NHS Direct cancels 111 contracts

  • 28 June 2013
NHS Direct cancels 111 contracts
NHS 111 call handlers will screen for possible cases of Ebola

NHS Direct has cancelled contracts to provide NHS 111 in North Essex and Cornwall and admits all of its 111 contracts are “financially unsustainable”.

The organisation holds nine contracts to deliver the new non-urgent health line to around one third of the country.

The chief executive’s report in NHS Direct’s latest board papers says call volumes being handled by its staff are between 30% and 40% of contracted levels, with many calls diverted to other providers. However, staffing levels are at or above those planned to handle the full 100% of its contracts.

This means that income in substantially lower than budgeted.

“Agreement has been reached with commissioners for North Essex and for Cornwall, that NHS Direct is not in a position to mobilise the 111 services for those areas,” the report says.

“These commissioners are expected now to make arrangements with alternative providers to mobilise the 111 service in their area.”

A review by Deloitte, which accompanies the board papers, says commissioners across the country have little confidence in NHS Direct’s ability to recover its provision of NHS 111 after it went live with the service with fewer staff than needed to handle calls to its contact centres.

It says assurances had been given by NHS Direct to commissioners in the West Midlands and North West regarding workforce capacity leading them to decide to go-live with 111.

However the review concludes that these assurances were “less than robust”.

This meant that performance levels “plummeted” and services needed “urgent remedial action”.

The ‘NHS Direct 111 ‘Go Live’ Review’ says the pressure to launch NHS 111 was considerable because of severe pressures in the urgent and emergency care systems in the West Midlands and North West.

“Nonetheless, had the true picture of NHS Direct capacity and capabilities been understood by commissioners, there is the distinct possibility that they would have arrived at a different assessment of the relative risk of going live,” it concludes.

On the first day of soft launch in the West Midlands the access KPI performance was 37% calls abandoned and 49% of calls answered in 60 seconds.

The equivalent figures in the North West were 70% and 13.5%.

The report says that in the immediate aftermath of the go-live, staff saw that average handling times were “significantly in excess of the assumptions used in the modelling process”.

The number of trained staff available to answer calls at go-live and subsequently was less than planned for and there were a significant number of staff who were not able to answer calls without supervision.

It describes NHS Direct’s forecasting of the required resources to meet anticipated volumes as, “significantly adrift from the actual requirement experienced”.

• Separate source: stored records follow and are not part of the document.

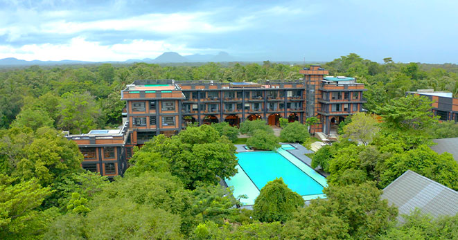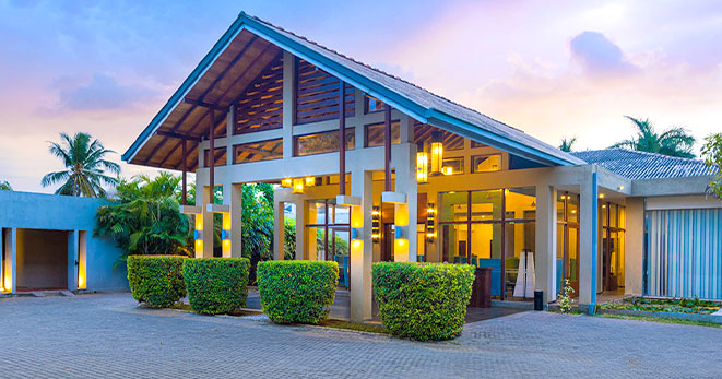 Una residenza costruita alla fine degli anni Sessanta e ristrutturata nel 2010 da un esperto specialista di interni di grande fama, Channa Daswatte, che ha scelto decorazioni in denim e un design retrò Anni ’70, ridando al Trinco Blu un forte carattere orientale, piacevole e originale.
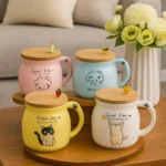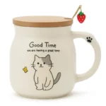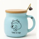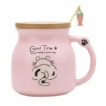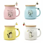 ماگ سرامیکی درب دار طرح گربهماگ سرامیکی کوچک درب دار رنگی طرح گربه به همراه قاشق
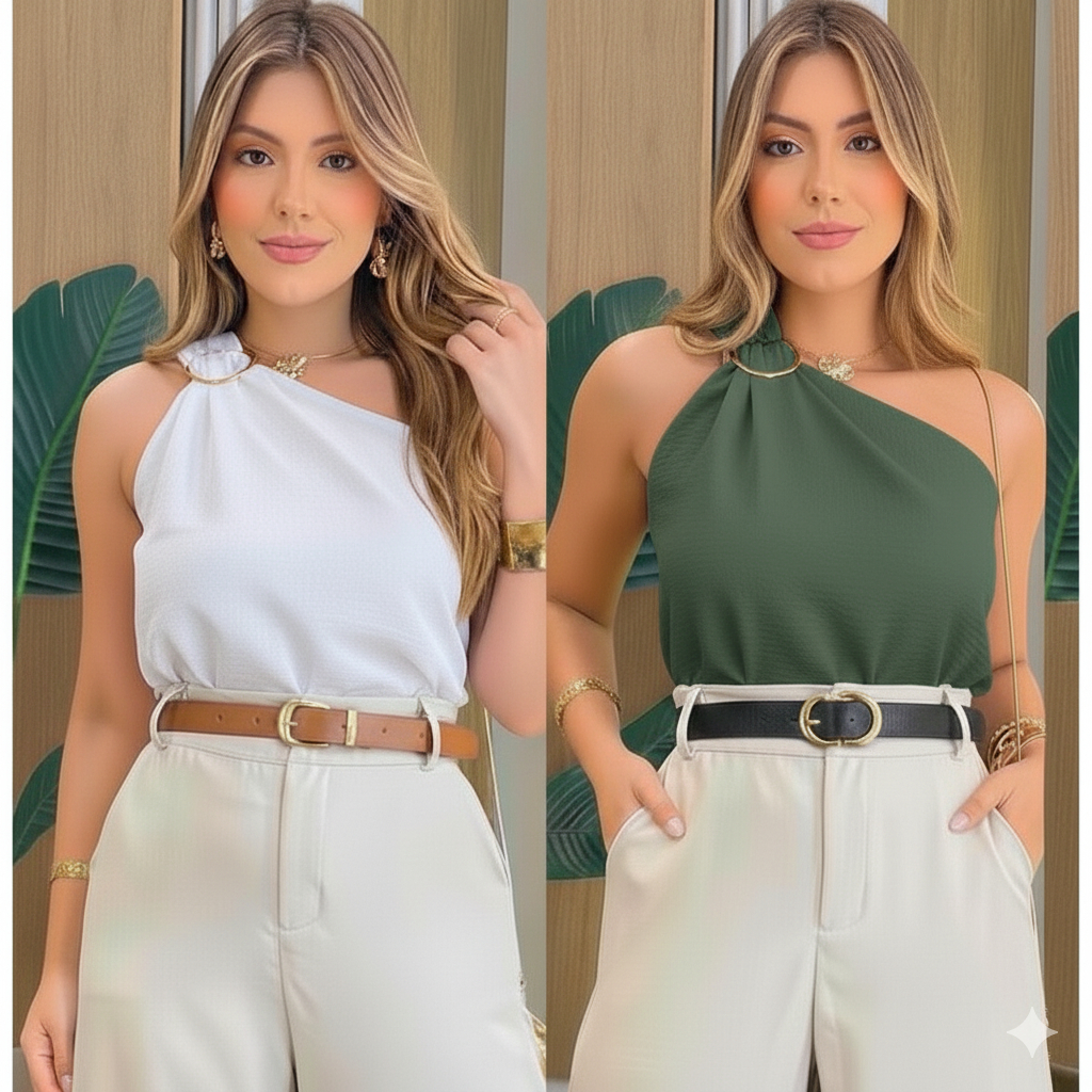 KIT Com 2 Blusas Feminina Obro Só Manga Mula Manca Fivela Orgânica Dourada Tecido Duna Elegante.
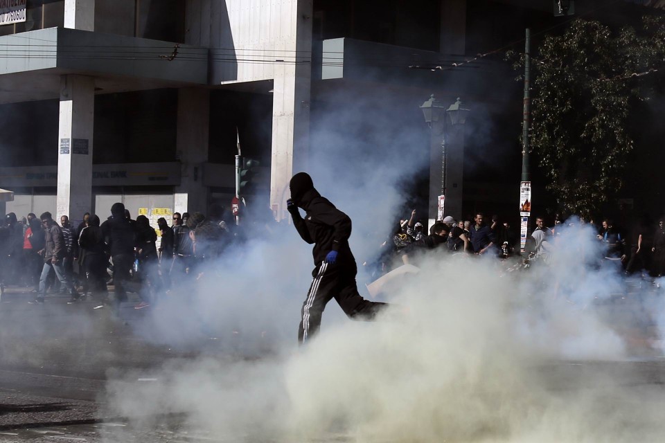 Άντρας με κουκούλα ανάμεσα σε καπνούς από μολότωφ και δακρυγόνα στο Σύνταγμα. Εκτεταμένα επεισόδια σημειώθηκαν στο κέντρο της Αθήνας, από ομάδες κουκουλοφόρων . Τα επεισόδια σημειώθηκαν μετά το τέλοςτης πορείας διαμαρτυρίας ενάντια στα μέτρα λιτότητας και σε αλλαγές στο ασφαλιστικό, στο πλαίσιο της 24ωρης γενικής, πανελλαδικής απεργίας από ΓΣΕΕ και ΑΔΕΔΥ. Αθήνα, Πέμπτη 12 Νοεμβρίου 2015.

The original bids included average handling times of 310 seconds for call handlers and 420 seconds for clinical advisors. Actual figures to date have been 690 seconds for call handlers and 830 seconds for clinical advisers.

The report says some staff believed the average call handling times could be achieved, but others never considered it possible. These people, “offered an interpretation that staff and the board had succumbed to optimism bias in the face of organisational closure if NHS Direct failed to secure 111 contracts”.

The training programme also did not deliver the number of staff needed for go-live.

The report says remedial plans were slow to be produced and when provided, were “inconsistent and highlighted a significant capacity gap”.

“Recovery planning is still underway. Relations with commissioners are strained and confidence levels amongst commissioners in NHS Direct’s ability to recover the situation and deliver the contracted service is very low,” the review concludes.

EHI reported last week that a revised budget, due to go to the board for approval on Monday, shows NHS Direct is already £1.5m in the red for this financial year.